Foreign services officers (FSO), more commonly referred to as diplomats, are commissioned members of the U.S. Department of State. These men and women advance U.S. interests abroad by supporting democratic development, identifying opportunities for American businesses and working toward the achievement of fair commerce and trade practices, all while promoting security and peaceful international relations.
The Foreign Service is comprised of foreign service officers and foreign service specialists (FSS). An FSO is a generalist, whereas an FSS has a profession specific job.
All future FSOs must pass the Foreign Service Officer Test (FSOT) and be granted medical and security clearance. This exam tests an applicant’s knowledge of various topics, including government, economics and culture.
Each FSO candidate selects from five different career tracks within the U.S. Department of State: Consular, Economic, Management, Political or Public Diplomacy. These diplomats may rotate through different departments throughout their careers.
Consular officers, often referred to as “the face of America,” work in foreign embassies. They adjudicate visa requests, protect U.S. borders, work with local authorities when American citizens have been arrested or are victims of crime abroad, aide in evacuation efforts and promote U.S. business interests.
One of the most enjoyable responsibilities of a consular officer is the facilitation of foreign adoptions; one of the most difficult is the notification to families who have lost loved ones overseas.

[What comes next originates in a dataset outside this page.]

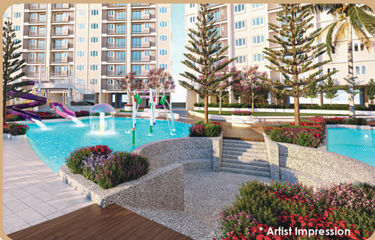
* Artist Impression

An economic officer works diligently to maintain and improve trade relations between the U.S. and the international community. Senior economic officers spend much of their time advising ambassadors and negotiating treaties. Some economic officers live in Washington, D.C., as opposed holding international posts like many of their FSO counterparts.
To promote U.S. economic and commercial interests, these officers must understand their host country’s economy, the U.S. economy, intellectual property laws, energy security, trade policies, commercial diplomacy and all relevant environmental issues.

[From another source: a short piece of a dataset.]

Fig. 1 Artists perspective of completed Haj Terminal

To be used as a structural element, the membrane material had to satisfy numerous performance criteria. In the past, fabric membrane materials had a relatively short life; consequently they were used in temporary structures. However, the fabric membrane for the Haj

These individuals manage our embassies and equip fellow foreign officers with the resources needed to fulfill the embassy’s mission. As such, they handle matters related to real estate, finance, human resources and logistics. Management officers also negotiate certain economic privileges and immunities with host countries.

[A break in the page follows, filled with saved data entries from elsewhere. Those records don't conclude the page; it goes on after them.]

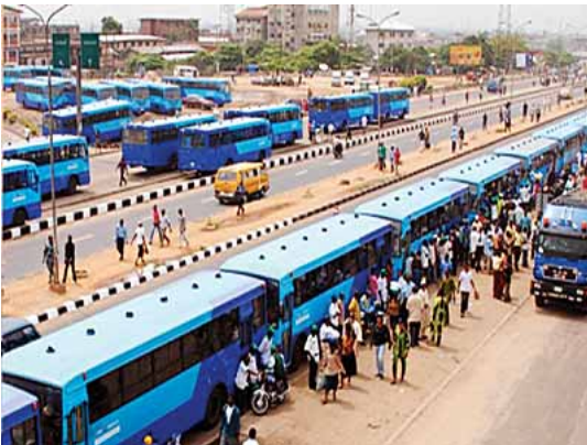
Some BRT buses plying the route

THE scene was grisly. The mangled remains of a commercial motorcyclist on the Bus Rapid Transit (BRT) lane at Agric Bus Stop, Ikorodu, Lagos was the cynosure of all eyes and cause of a severe gridlock that almost grounded traffic into and out of Ikorodu.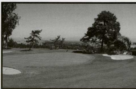
Above: Palo Alto Hills 9th Green overlooking the Bay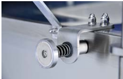
Magnet for door fixation in washing tunnel at 270° and 260° RGEE AR260U

Management officers residing in Washington, D.C., oversee the recruitment, training or assignments of FSOs who are stationed abroad.
Through negotiation and the interpretation of foreign politics, these diplomats advance U.S. policy objectives in their host countries. While immersed in the local culture and political climate, these officers gain unique insight into international issues and how these issues impact the U.S. and its economy.
After gathering and analyzing relevant information, political officers advise U.S. ambassadors, local government officials and other diplomats.
Public Diplomacy Officers
Public diplomacy officers inform foreign citizens about the U.S., its people, its positions and its history. They are a primary source of contact for local reporters and government officials, and as such must be aware of U.S. political, educational and cultural matters. These officers also oversee educational and cultural exchange program budgets, serve on Fullbright boards and inform U.S. ambassadors about the state of affairs in their host countries.
Traits of a Foreign Services Officer
While FSOs work in five distinct career tracks, they share many characteristics. All FSOs are dedicated to public service and committed to supporting U.S. interests at home and abroad. Each officer is well versed in our country’s culture, political system, societal norms and geography. They also possess a thorough understanding of global politics.
FSOs are known for their leadership skills and impressive ability to maintain composure under pressure. Strong interpersonal and communication skills are called upon daily, and foreign language fluency is beneficial.
Challenges and Benefits of the Job
The tasks undertaken by FSOs help our country’s global advancement. They encourage diplomacy and provide cultural educational opportunities, all while traveling the world. FSOs have a bird’s-eye view of other cultures and societies.
While numerous benefits are associated with this job, it is a difficult one that often requires frequent international relocation. Additionally, FSOs may be stationed in war torn countries or hostile environments. An FSO’s salary is adjusted based on the circumstances under which he or she works.
Entry into the Foreign Service is extremely competitive. Many FSO applicants have lived and worked overseas. Most hold masters level degrees in public administration, business administration, international relations, law or economics.
Those who pursue an advance degree such as a Masters in Public Administration (MPA) can apply for U.S. Department of State internships or fellowships. These positions help students prepare for a career in public service.